Friday, Aug. 24, 1962
Happy to Be There
President Kennedy looked across the flat land toward the Missouri River, its waters imprisoned behind the world's largest rolled earth dam (Oahe: 242 ft. high, 9,300 ft. long). Behind the river rose the brown buttes of South Dakota's cattle country. The President opened his speech to some 9,000 persons with a deeply heartfelt cliche: "I want to express my great pleasure and tell you what a privilege it is to leave Washington these days and come out here." Kennedy had every reason to enjoy being away from Washington: the Democratic Congress was still giving him fits, and the U.S. space lag was apparent.
Thus it was a relief for Kennedy to take off on what White House staffers, with straight faces, called a "nonpolitical" weekend trip. In speeches in South Dakota, Colorado and California, he stuck mainly to bipartisan subjects of interest in the West: conservation and reclamation, water and power, floods and dams. But he well knew that for a politician there is no such thing as a nonpolitical handshake --and that the folks beaming up at him would suffer no amnesia on election day.
Powerhouse Performance. In small Pierre, S. Dak. (pop. 10,500), Kennedy paid his respects to welcoming officials-then broke for the airport fence to shake at least 200 hands among some 2,500 people pressing to see him. He was in South Dakota, ostensibly, to help dedicate a new 595,000-kw. Oahe Dam powerhouse. But the real reason for his presence was right at Kennedy's elbow: Democrat George McGovern, South Dakota Congressman from 1957 to 1961, Kennedy's Food for Peace director until last month, now a candidate for the U.S. Senate. McGovern, running neck and neck with Republican Incumbent Joe Henry Bottum (who is filling the vacancy created by the death of Republican Francis Case), greeted Kennedy at the airport, rode beside him in an open convertible to the dam, sat on the speech platform.
On the presidential plane, as Kennedy flew into Pueblo, Colo., for a speech about a $170 million project to divert water from the Fryingpan and Roaring Fork rivers on the western slopes of the Rockies into the Arkansas River valley on the east, was Colorado's Democratic Senator John Carroll. A loyal Kennedy backer in Congress, Carroll faces a stiff re-election challenge this year from Republican Representative Peter Dominick. It was Carroll who introduced Kennedy to some 8,000 cheering spectators in the Pueblo High School Stadium.
Sharing the Plunger.
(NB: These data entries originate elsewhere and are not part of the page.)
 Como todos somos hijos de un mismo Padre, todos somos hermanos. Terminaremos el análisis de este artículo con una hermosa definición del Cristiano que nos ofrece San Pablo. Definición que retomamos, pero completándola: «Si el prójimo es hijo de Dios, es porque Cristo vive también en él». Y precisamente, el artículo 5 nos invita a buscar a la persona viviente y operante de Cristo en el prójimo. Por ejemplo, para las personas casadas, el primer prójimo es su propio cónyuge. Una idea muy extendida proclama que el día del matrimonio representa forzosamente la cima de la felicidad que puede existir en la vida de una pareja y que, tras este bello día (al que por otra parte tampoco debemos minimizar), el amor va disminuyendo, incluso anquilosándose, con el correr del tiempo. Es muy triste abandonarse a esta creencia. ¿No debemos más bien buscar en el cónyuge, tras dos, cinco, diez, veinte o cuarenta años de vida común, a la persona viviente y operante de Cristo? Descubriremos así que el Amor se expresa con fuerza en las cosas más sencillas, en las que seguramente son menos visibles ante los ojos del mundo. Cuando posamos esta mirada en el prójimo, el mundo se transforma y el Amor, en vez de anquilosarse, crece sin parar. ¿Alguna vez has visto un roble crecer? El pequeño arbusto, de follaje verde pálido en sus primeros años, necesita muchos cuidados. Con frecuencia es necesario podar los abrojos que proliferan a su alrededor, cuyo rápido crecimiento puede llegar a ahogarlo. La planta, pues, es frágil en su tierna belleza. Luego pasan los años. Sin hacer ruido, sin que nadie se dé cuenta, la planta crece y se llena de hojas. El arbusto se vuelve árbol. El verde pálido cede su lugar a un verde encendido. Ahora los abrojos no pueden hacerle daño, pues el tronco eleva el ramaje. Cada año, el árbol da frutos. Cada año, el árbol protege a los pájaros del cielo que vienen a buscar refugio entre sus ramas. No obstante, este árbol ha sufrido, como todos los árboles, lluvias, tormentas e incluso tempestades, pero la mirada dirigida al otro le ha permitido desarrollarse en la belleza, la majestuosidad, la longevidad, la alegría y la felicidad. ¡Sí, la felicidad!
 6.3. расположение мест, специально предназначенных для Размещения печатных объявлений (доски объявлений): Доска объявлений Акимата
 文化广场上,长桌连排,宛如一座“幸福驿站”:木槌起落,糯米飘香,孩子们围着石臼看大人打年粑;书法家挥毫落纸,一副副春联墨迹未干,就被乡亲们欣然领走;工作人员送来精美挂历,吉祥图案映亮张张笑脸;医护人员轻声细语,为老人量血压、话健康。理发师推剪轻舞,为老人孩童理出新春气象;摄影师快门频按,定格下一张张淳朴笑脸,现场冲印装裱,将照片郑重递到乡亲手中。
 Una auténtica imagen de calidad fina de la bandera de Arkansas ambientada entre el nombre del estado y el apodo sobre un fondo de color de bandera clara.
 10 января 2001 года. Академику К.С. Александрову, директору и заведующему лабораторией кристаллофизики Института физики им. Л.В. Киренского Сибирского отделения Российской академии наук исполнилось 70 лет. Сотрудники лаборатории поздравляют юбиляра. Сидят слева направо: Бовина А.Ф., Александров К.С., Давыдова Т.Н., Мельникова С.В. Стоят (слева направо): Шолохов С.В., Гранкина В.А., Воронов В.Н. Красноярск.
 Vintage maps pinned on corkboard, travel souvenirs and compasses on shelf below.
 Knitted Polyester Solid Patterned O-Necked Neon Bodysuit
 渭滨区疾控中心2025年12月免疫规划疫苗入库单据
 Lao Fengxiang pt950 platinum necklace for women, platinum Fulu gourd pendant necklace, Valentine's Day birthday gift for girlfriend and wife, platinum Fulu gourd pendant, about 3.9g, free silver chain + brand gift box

The most conspicuous greeter, as Kennedy arrived at California's Castle Air Force Base, was Democratic Governor Pat Brown, who needs all the help he can get from all the Kennedys he can lure West in his re-election fight against Richard Nixon. Aft er an overnight stay in Yosemite National Park, the President ignited explosives to break ground for a dam and reservoir in the $500 million San Luis water project in the San Joaquin Valley -- a vital link in Brown's plan to meet the multiplying water needs of Southern California.
Brown sat beside Kennedy during the ceremonies, made a speech of his own, shared a twin plunger with the President to set off the dynamite and send red, green and purple smoke over the valley.
Said Kennedy in his speech: "I believe all Californians will long remember the water leadership of Pat Brown." Greater tribute no politician could hope for.